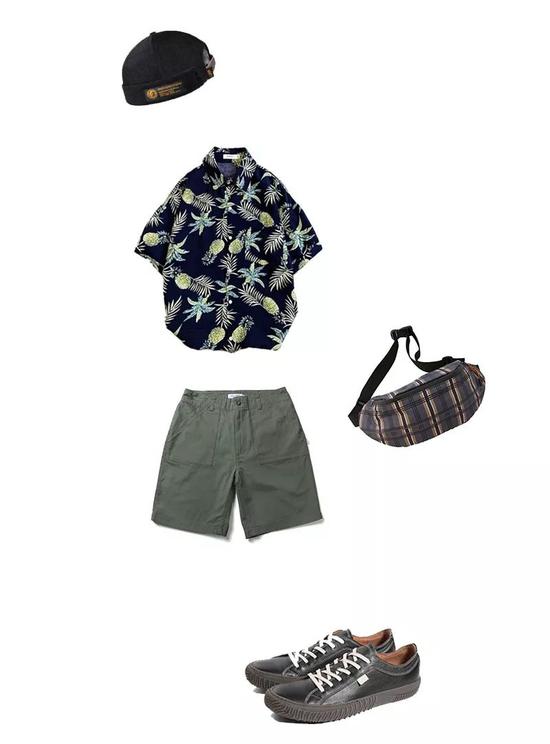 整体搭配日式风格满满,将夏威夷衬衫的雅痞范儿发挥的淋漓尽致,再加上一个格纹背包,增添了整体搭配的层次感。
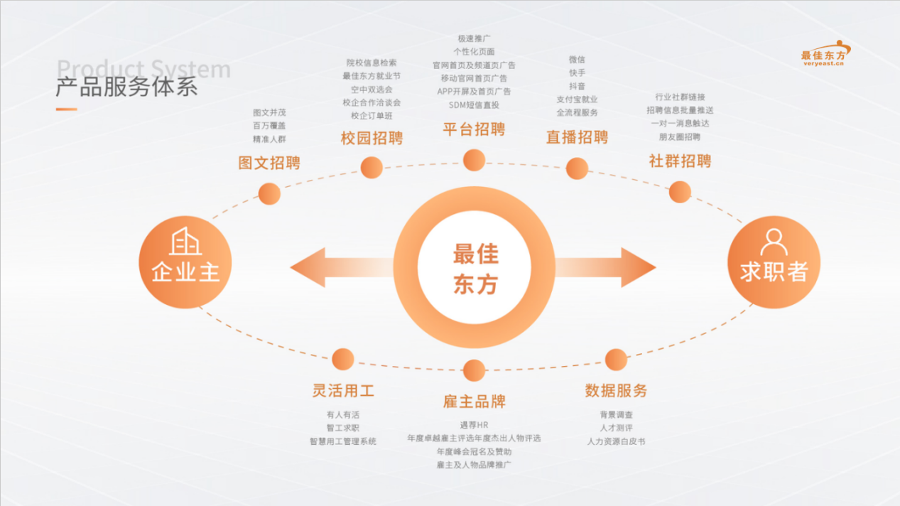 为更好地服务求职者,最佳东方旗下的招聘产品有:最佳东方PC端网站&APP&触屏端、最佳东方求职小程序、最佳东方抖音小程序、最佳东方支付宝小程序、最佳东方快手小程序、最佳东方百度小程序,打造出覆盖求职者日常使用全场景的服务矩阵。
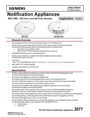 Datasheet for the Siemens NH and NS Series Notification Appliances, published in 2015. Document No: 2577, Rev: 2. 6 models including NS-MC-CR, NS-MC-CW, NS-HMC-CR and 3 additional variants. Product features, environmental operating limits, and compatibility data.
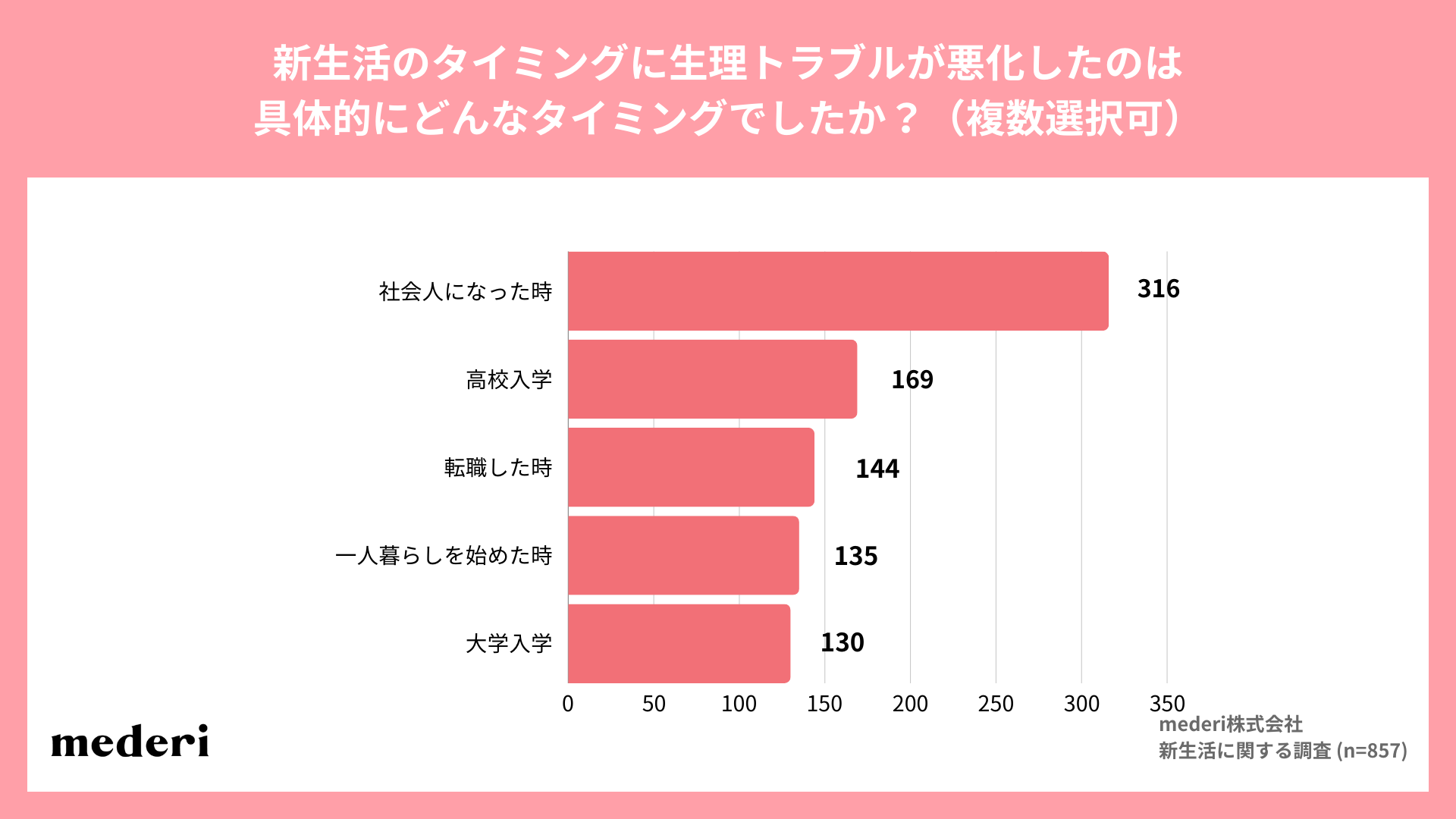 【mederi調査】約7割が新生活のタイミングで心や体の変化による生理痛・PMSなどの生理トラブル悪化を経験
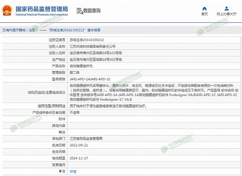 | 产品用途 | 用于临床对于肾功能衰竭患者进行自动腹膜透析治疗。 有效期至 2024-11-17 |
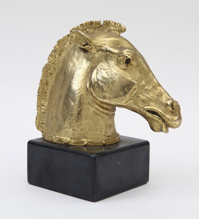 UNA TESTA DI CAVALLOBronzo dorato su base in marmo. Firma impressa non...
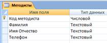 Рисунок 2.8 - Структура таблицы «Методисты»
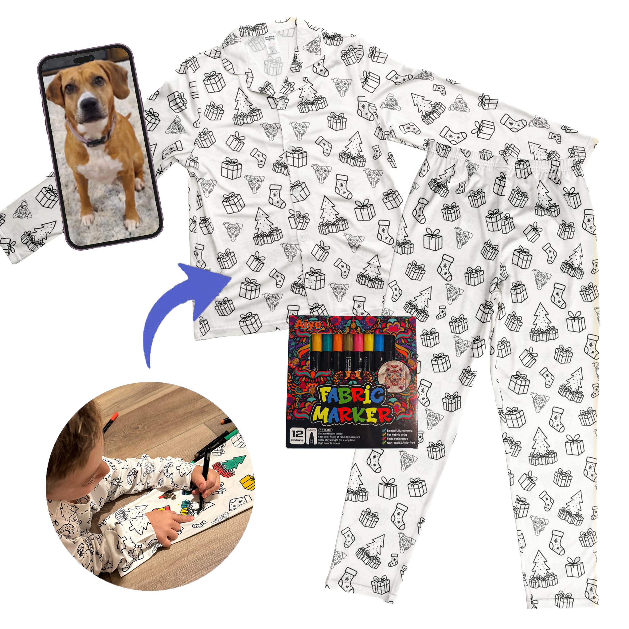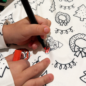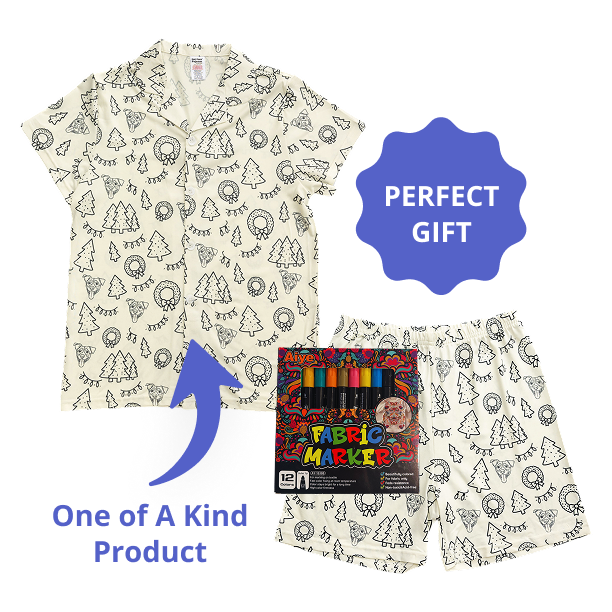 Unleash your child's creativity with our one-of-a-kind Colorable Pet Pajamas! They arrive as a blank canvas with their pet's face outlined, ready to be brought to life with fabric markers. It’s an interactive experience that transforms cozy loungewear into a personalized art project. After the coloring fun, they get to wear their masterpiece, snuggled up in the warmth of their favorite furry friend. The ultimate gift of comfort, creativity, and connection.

...

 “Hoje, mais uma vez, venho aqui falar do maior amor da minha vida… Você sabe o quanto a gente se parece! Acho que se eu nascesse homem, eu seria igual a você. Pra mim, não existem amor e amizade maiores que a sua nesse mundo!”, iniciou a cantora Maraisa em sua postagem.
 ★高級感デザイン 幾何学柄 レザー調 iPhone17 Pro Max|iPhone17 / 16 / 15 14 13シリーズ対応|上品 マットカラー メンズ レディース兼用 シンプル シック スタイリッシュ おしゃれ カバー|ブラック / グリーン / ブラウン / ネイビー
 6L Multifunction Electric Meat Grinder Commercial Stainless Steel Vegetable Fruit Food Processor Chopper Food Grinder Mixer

_Task to complete:_
Each line above from the one containing "整体搭配日式风格满满,将夏威" through the one containing "Рисунок 2.8 - Структура" is to be returned verbatim. Nothing else, and no pictures.

_Answer:_
 整体搭配日式风格满满,将夏威夷衬衫的雅痞范儿发挥的淋漓尽致,再加上一个格纹背包,增添了整体搭配的层次感。
 为更好地服务求职者,最佳东方旗下的招聘产品有:最佳东方PC端网站&APP&触屏端、最佳东方求职小程序、最佳东方抖音小程序、最佳东方支付宝小程序、最佳东方快手小程序、最佳东方百度小程序,打造出覆盖求职者日常使用全场景的服务矩阵。
 Datasheet for the Siemens NH and NS Series Notification Appliances, published in 2015. Document No: 2577, Rev: 2. 6 models including NS-MC-CR, NS-MC-CW, NS-HMC-CR and 3 additional variants. Product features, environmental operating limits, and compatibility data.
 【mederi調査】約7割が新生活のタイミングで心や体の変化による生理痛・PMSなどの生理トラブル悪化を経験
 | 产品用途 | 用于临床对于肾功能衰竭患者进行自动腹膜透析治疗。 有效期至 2024-11-17 |
 UNA TESTA DI CAVALLOBronzo dorato su base in marmo. Firma impressa non...
 Рисунок 2.8 - Структура таблицы «Методисты»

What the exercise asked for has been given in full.